Frequentist (MLE, hypothesis tests):

Large datasets where the prior doesn’t matter
When stakeholders expect p-values and confidence intervals
When computational resources are limited

Bayesian:

Small datasets where prior knowledge helps
When you need uncertainty quantification
Sequential decision-making (updating beliefs as data arrives)
When you want to compare models naturally (Bayes factors)

In practice, the distinction blurs. Regularized MLE is MAP estimation. Neural network ensembles approximate Bayesian posteriors. The best practitioners use both frameworks where appropriate.

Hierarchical Bayesian Models

When you have groups of related parameters, hierarchical (multilevel) models share information across groups:

\begin{aligned} \mu_j &\sim \mathcal{N}(\mu_0, \tau^2) \quad \text{(group means drawn from population)} \\ X_{ij} &\sim \mathcal{N}(\mu_j, \sigma^2) \quad \text{(observations within groups)} \end{aligned}

The hyperparameters $\mu_0$ and $\tau^2$ are also given priors and inferred from data. This creates partial pooling: small groups borrow strength from larger groups.

In ML: Hierarchical models appear in:

Transfer learning — sharing parameters across related tasks
Recommender systems — user preferences as random effects
Meta-learning — learning from distributions over tasks
Mixed effects models — clinical trials with multiple sites

Approximate Bayesian Inference

Exact posteriors are rarely available outside conjugate models. Modern Bayesian methods use approximations:

Variational Inference (VI)

Approximate the posterior $P(\theta \mid \mathcal{D})$ with a simpler distribution $q(\theta)$ by minimizing the KL divergence:

q^*(\theta) = \arg\min_{q \in \mathcal{Q}} \text{KL}(q(\theta) \| P(\theta \mid \mathcal{D}))

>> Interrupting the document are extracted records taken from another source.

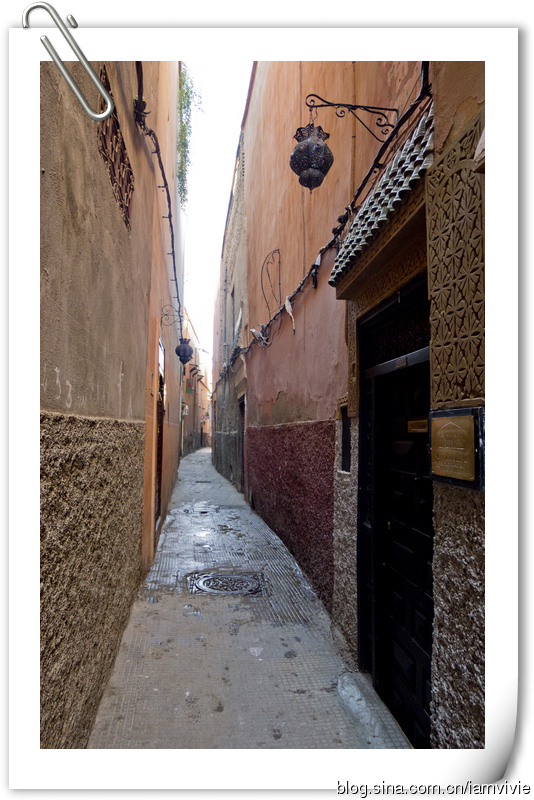 火车准点到达马拉喀什,背上大包出站后,发现火车站还不错,比卡萨布兰卡的好多了,出乎意料外的崭新干净!打车去老城投宿,因为我和Lin住宿位置不一样,司机又要单独算我们各自的钱,还价又还了半天。摩洛哥这个地方打出租是这样的,就算有人在车上,还是可以继续收乘客拼车,然后自己付自己的路程的钱,这很不公平唉,别处打车都是包车待遇,这里可就没福气了。出租车沿途大概是经过了新城,看上去马拉喀什还行啊,受到卡萨破落程度的惊吓,我们现在看哪里都觉好了,哈哈哈。老城大部分是不允许进车的,到了美地那,司机把我放在最近的路口就继续送Lin了。下车后一路不停有人骚扰要带路,我各种装听不懂,硬是凭着直觉走到了旅社说的标志性建筑物Hote CTM,旅社的指示是,看到了这个酒店,再顺着边上的小巷走一段就到了,小巷我是找对了,但是怎么也没看到旅馆的名字,来来回回绕了好久,只好问了旁边卖东西的人,立刻就有人上来带路了。那人指着一条偏僻的小巷,让我跟他走。
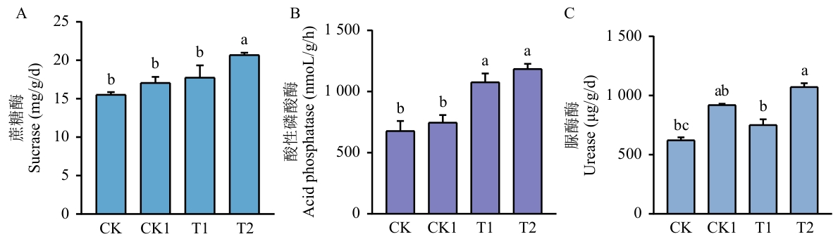 Fig. 1 Changes in the activities of sucrase (A), acid phosphatase (B), and urease (C) under different treatmentsCK: Water Control. CK1: Benzoic acid treatment. T1: Benzoic acid + strain YNK-FB0022 treatment. T2: YNK-FB0022 treatment. Different letters represent different significance (P<0.05)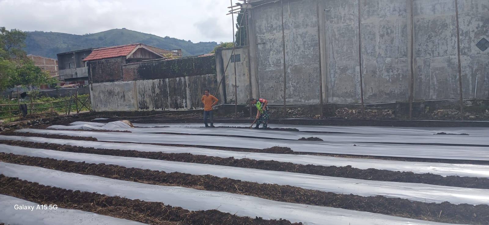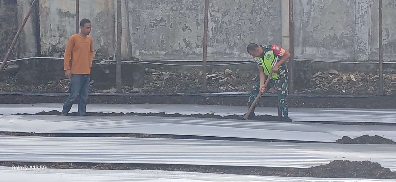 Babinsa Koramil 03/Pegasing, Kodim 0106/Aceh Tengah. Serda Alwin Membantu Masyarat Desa Binaan Memasang mulsa milik Bpk Iwan Untuk tanaman Cabai di Desa Tebes lues, kecamatan Bies, kabupaten Aceh Tengah. Jum’at 11/04/2025.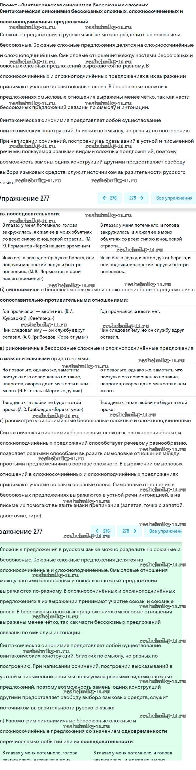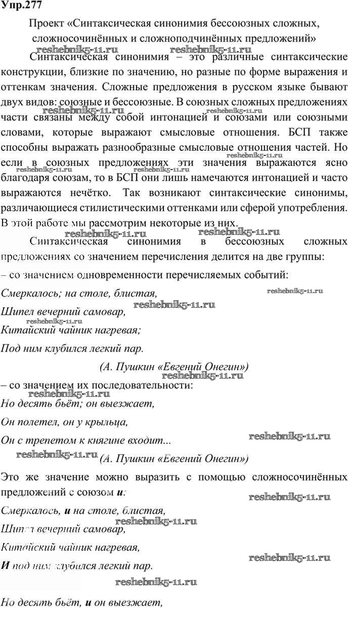 Готовая домашняя работа с ответами по Русскому языку за 9 класс Бархударов, Крючков, Максимов, Чешко Учебник Просвещение 2011 ФГОС - Упражнения 277

This converts inference into an optimization problem — something we know how to do efficiently.

VI is used in:

Variational Autoencoders (VAEs) — learning latent representations
Bayesian Neural Networks — uncertainty-aware deep learning
Topic models (LDA) — document-topic distributions

Markov Chain Monte Carlo (MCMC)

Generate samples from the posterior by constructing a Markov chain whose stationary distribution is $P(\theta \mid \mathcal{D})$ . We cover MCMC in depth in the sampling methods article.

Laplace Approximation

Approximate the posterior as a Gaussian centered at the MAP estimate:

P(\theta \mid \mathcal{D}) \approx \mathcal{N}\left(\theta_{\text{MAP}}, \left[-\nabla^2 \log P(\theta \mid \mathcal{D})\big|_{\theta_{\text{MAP}}}\right]^{-1}\right)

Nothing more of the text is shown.